Ainsi, la première question qui se pose, sous-jacente à celle de “race humaine”, est : peut-on faire des groupes distincts, classificatoires, au sein de l’espèce humaine ? Si non, la question de comment appeler des groupes qui n’existent pas ne se pose pas (et donc les races humaines n’existent pas). Si oui, dans ce cas, on peut alors se demander si on doit les appeler races, groupes d’ascendance ou autre, en fonction des définitions que l’on donne à ces termes.
Variations graduelles de la population humaine
Tout être humain est unique et partage en moyenne 99,9 % de son information génétique (contenu dans l’ADN) avec tout autre individu de son espèce. Ainsi la variation moyenne d’information génétique entre deux individus pris au hasard dans la population humaine se fait sur 0,1 % de leur ADN (valeur un peu plus élevée pour certains auteurs).
Une très petite partie de cette variabilité génétique se reflète au niveau des caractères phénotypiques des individus (caractères visibles à l’échelle macroscopique, notamment), comme la couleur de la peau. Si on observe la variation mondiale du caractère “couleur de peau” ou de la diversité génétique, la répartition qui se dessine est une variation spatiale graduelle (clinale).
Couleur de la peau (indice de mélanine) mesuré sur des êtres humains (les points indiquent les populations échantillonnées). [2]

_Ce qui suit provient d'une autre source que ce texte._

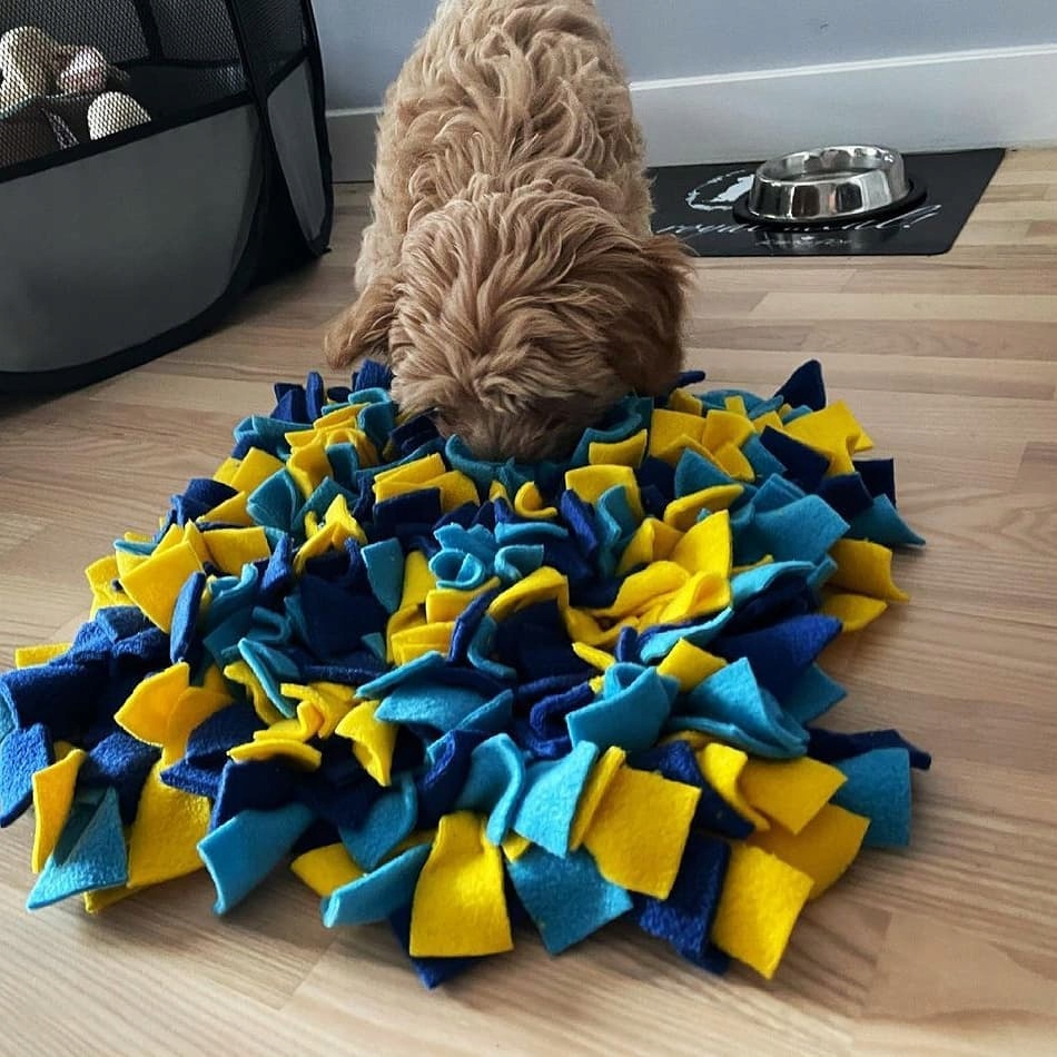 Наш нюхальний килимок - ідеальне рішення для кожної собаки, незалежно від породи чи розміру. Завдяки тому, що ласощі заховані між шматками тканини, це ефективно спонукає кожну собаку шукати свою нагороду. Килимки для нюхання стимулюють природний інстинкт собаки використовувати ніс і шукати їжу.

Diversité génétique au sein des populations d’après l’analyse du génome de 1000 individus. Forte diversité génétique en couleur sombre, faible diversité en claire (les points indiquent les 52 populations échantillonnées, provenant du panel HGDP-CEPH ; le gradient coloré est une interpolation à partir des données échantillonnées de séquences d’ADN de type STRs) [3]

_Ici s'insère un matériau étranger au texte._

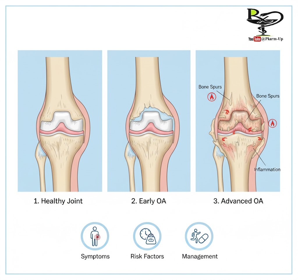 - Cartilage Breakdown: In OA, this cartilage becomes rough and wears down.
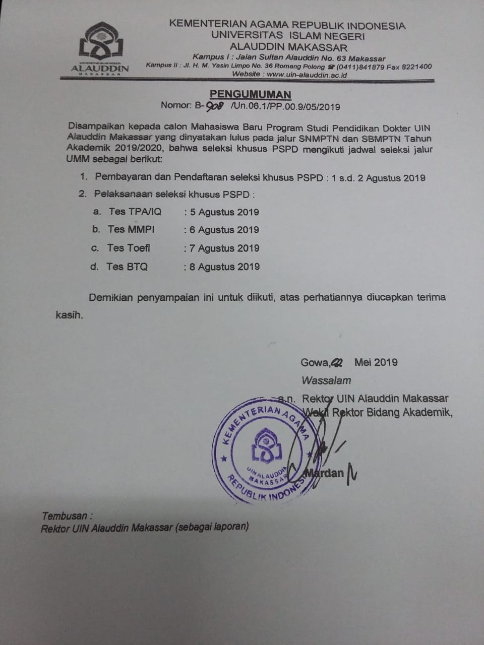 Disampaikan kepada calon Mahasiswa Baru Program Studi Pendidikan Dokter UIN Alauddin Makassar yang dinyatakan lulus pada jalur SNMPTN dan SBMPTN Tahun Akademik 2019/2020, bahwa seleksi khusus PSPD mengikuti jadwal seleksi jalur UMM1. Untuk calon mahasiswa baru jalur afirmasi geografis, menyiapkan MOU antara FKIK dengan Bupati asal calon maba2. Jadwal tes khusus jalur kedokteran (jadwal terlampir)

De façon générale, à l’échelle mondiale, la variation spatiale des caractères phénotypiques des individus et de leurs génomes est graduelle (et en faible proportion par rapport aux variations locales). La structure génétique de la population humaine étant graduelle dans l’espace, le regroupement d’individus en groupes distincts, discontinus, n’est donc pas opératoire. Ainsi, on ne peut d’un point de vue classificatoire subdiviser l’espèce humaine en groupes (et donc a fortiori en races). Mais alors… pourquoi la notion de “race humaine” reste prégnante ?
Les populations locales, des groupes pratiques
Pour des raisons pratiques, les chercheurs découpent souvent, de façon artificielle, la population humaine (mondiale, ensemble des individus de l’espèce) en groupes, qu’ils appellent… des populations (locales). Cette définition du terme population varie selon les objectifs de la recherche : il s’agit souvent de délimiter un espace géographique et d’étudier les individus qui s’y trouvent, sachant que parfois seuls certains sont sélectionnés (par exemple s’ils ont la même langue, et ont leurs grands-parents issus de cette même zone). Par conséquent deux populations locales correspondent à deux regroupements discontinus d’individus.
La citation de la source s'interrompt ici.